Will data be too cheap to meter?

Data acquisition for a site like CrunchBase may not carry the costs some assume.

CrunchBaseLast week at Strata I got into an argument with a journalist over the future of CrunchBase. His position was that we were just in a “pre-commercial” world, that creating the database required a reporter’s time, and so after the current aberration had passed we’d return to the old status quo where this kind of information was only available through paid services. I wasn’t so sure.

When I explain to people why the Big Data movement is important — why it’s a real change instead of a fad — I point to price as the fundamental difference between the old and new worlds. Until a few years ago, the state of the art for doing meaningful analysis of multi-gigabyte data sets was the data warehouse. These custom systems were very capable, but could easily cost millions of dollars. Today I can hire a hundred machine Hadoop cluster from Amazon for just $10 an hour, and process thousands of gigabytes a day.

This represents a massive discontinuity in price, and it’s why Big Data is so disruptive. Suddenly we can imagine a group of kids in their garage building Google-scale systems practically on pocket money. While the drop in the cost of data storage and transmission has been less dramatic, it has followed a steady downward trend over the decades. Now that processing has become cheap too, a whole universe of poverty-stricken hackers, academics, makers, reporters, and startups can do interesting things with massive data sets.

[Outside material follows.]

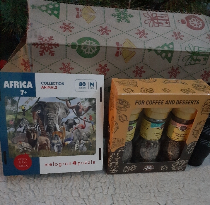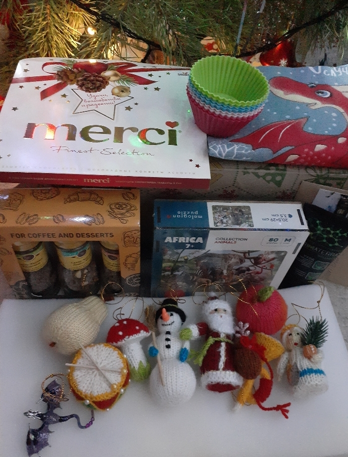 Брошь-дракончик Пазл и приправы Крем для рук Шоколад Формочки Полотенец с дракошкой Открыточка с пожеланиями Дорогая Оленька,спасибо тебе огромное что исполнила мою мечту!Я несказанно счастлива!Полночи разглядывала,щупала их.Они пропитаны по моему пва.Прям настоящие ёлочные игрушки.Заглядываюсь на ватные,сама не решаюсь пробовать их делать,но эти прям миниатюрные похожи даже на ватные,особенно ангелочек и дедулька.С Новым годом тебя и твою семью,здоровья твоим золотым ручкам и всех благ!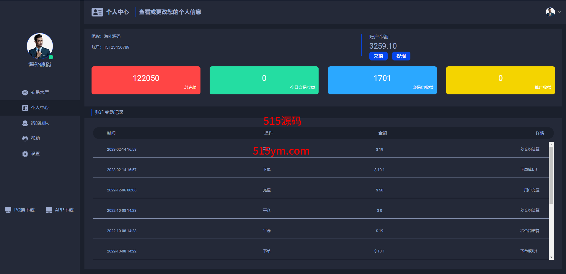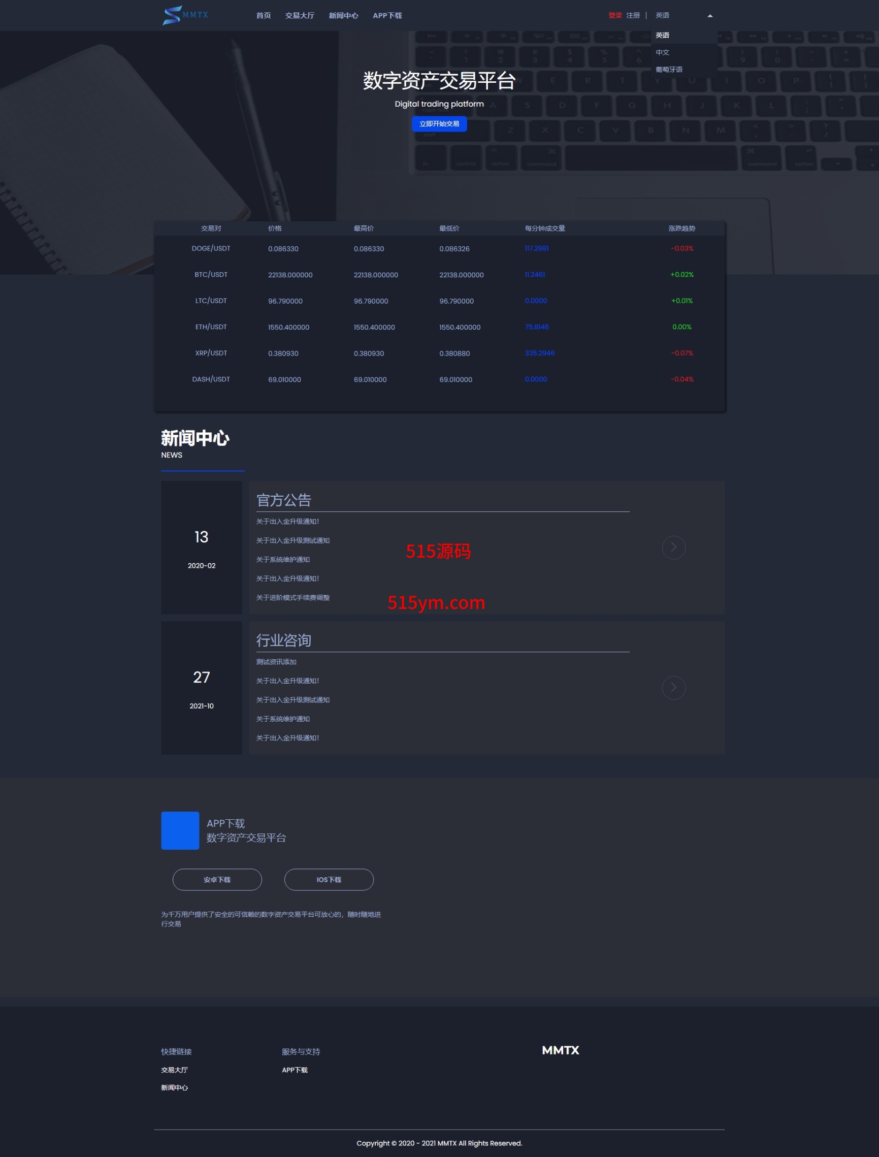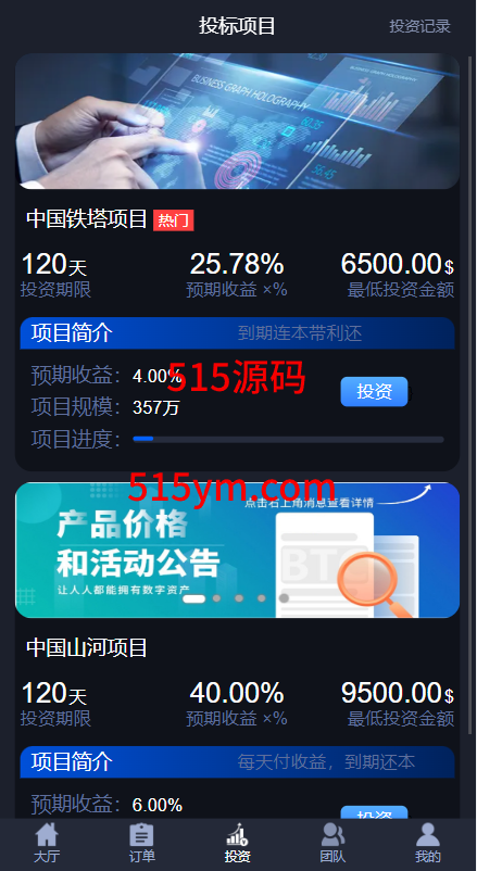 源码前端三种语言:中文、英文、葡萄牙语,系统自带客服系统、理财投资、推广等功能

Why does this have to do with CrunchBase? The reporter had some implicit assumptions about the cost of the data collection process. He argued that it required extra effort from the journalists to create the additional value captured in the database. To paraphrase him: “It’s time they’d rather spend at home playing with their kids, and so we’ll end up compensating them for their work if we want them to continue producing it.” What I felt was missing from this is that CrunchBase might actually be just a side-effect of work they’d be doing even if it wasn’t released for public consumption.

Many news organizations are taking advantage of the dropping cost of data handling by heavily automating their news-gathering and publishing workflows. This can be as simple as Google Alerts or large collections of RSS feeds to scan, using scraping tools to gather public web data, and there’s a myriad of other information-processing techniques out there. Internally there’s a need to keep track of the results of manual or automated research, and so the most advanced organizations are using some kind of structured database to capture the information for future use.

That means that that the only extra effort required to release something like CrunchBase is publishing it to the web. Assuming that there’s some benefits to doing so (that TechCrunch’s reputation as the site-of-record for technology company news is enhanced, for example) and that there’s multiple companies with the data available, then the low cost of the release will mean it makes sense to give it away.

I actually don’t know if all these assumptions are true, CrunchBase’s approach may not be sustainable, but I hope it illustrates how a truly radical change in price can upset the traditional rules. Even on a competitive, commercial, free-market playing field it sometimes makes sense to behave in ways that appear hopelessly altruistic. We’ve seen this play out with open-source software. I expect to see pricing forces do something similar to open up more and more sources of data.

I’m usually the contrarian guy in the room arguing that information wants to be paid, so I don’t actually believe (as Lewis Strauss famously said about electricity) all data will be too cheap to meter. Instead I’m hoping we’ll head toward a world where producers of information are paid for adding real value. Too many “premium” data sets are collated and merged from other computerized sources, and that process should be increasingly automatic, and so increasingly cheap. Give me a raw CrunchBase culled from press releases and filings for free, then charge me for your informed opinion on how likely the companies are to pay their bills if I extend them credit. Just as free, open-source software has served as the foundation for some very lucrative businesses, the new world of free public data will trigger a flood of innovations that will end up generating value in ways we can’t foresee, and that we’ll be happy to pay for.

tags: , , ,

Get the O’Reilly Data Newsletter

Stay informed. Receive weekly insight from industry insiders.

  • Funny –

    My sense is that there isn’t a lot of editorial in crunchbase (except stuff that’s lifted from Techcrunch articles, which do indeed result from editorial effort.) An awful lot of the material has always seemed to me to be spidered or cut and paste from other sites (e.g. we’ve often found speaker biographies from O’Reilly conference listings as the bio of people listed in Crunchbase.)

    More substantially, I don’t think Crunchbase counts as a big data play in any case. If it’s not big enough to require algorithmic curation, it’s not big enough to matter.

    It’s actually small data that people will pay for directly (stuff that’s very targeted and high value – see for example RGEmonitor.com); big data will almost always be monetized by other means (e.g. advertising like Yelp, Groupon, Facebook, or Google, e-commerce like Amazon or Apple (iTunes/App Store), financial trading, business services like Palantir or Passur Aerospace, oil and gas exploration, etc.)

  • Ian

    Small Data–you read it here first!

  • Thanks Tim. I take your point that the scale of Crunchbase is well below what should qualify as Big Data. It’s more that the changes that have made truly large-scale data processing affordable make the technical side of publishing this size of data set practically free.

    I’m not so sold on algorithmic curation as a litmus test though. I’d argue that Wikipedia and Facebook’s data sets should qualify, and while there are bots and other helpers in those systems, they both rely heavily on human editors.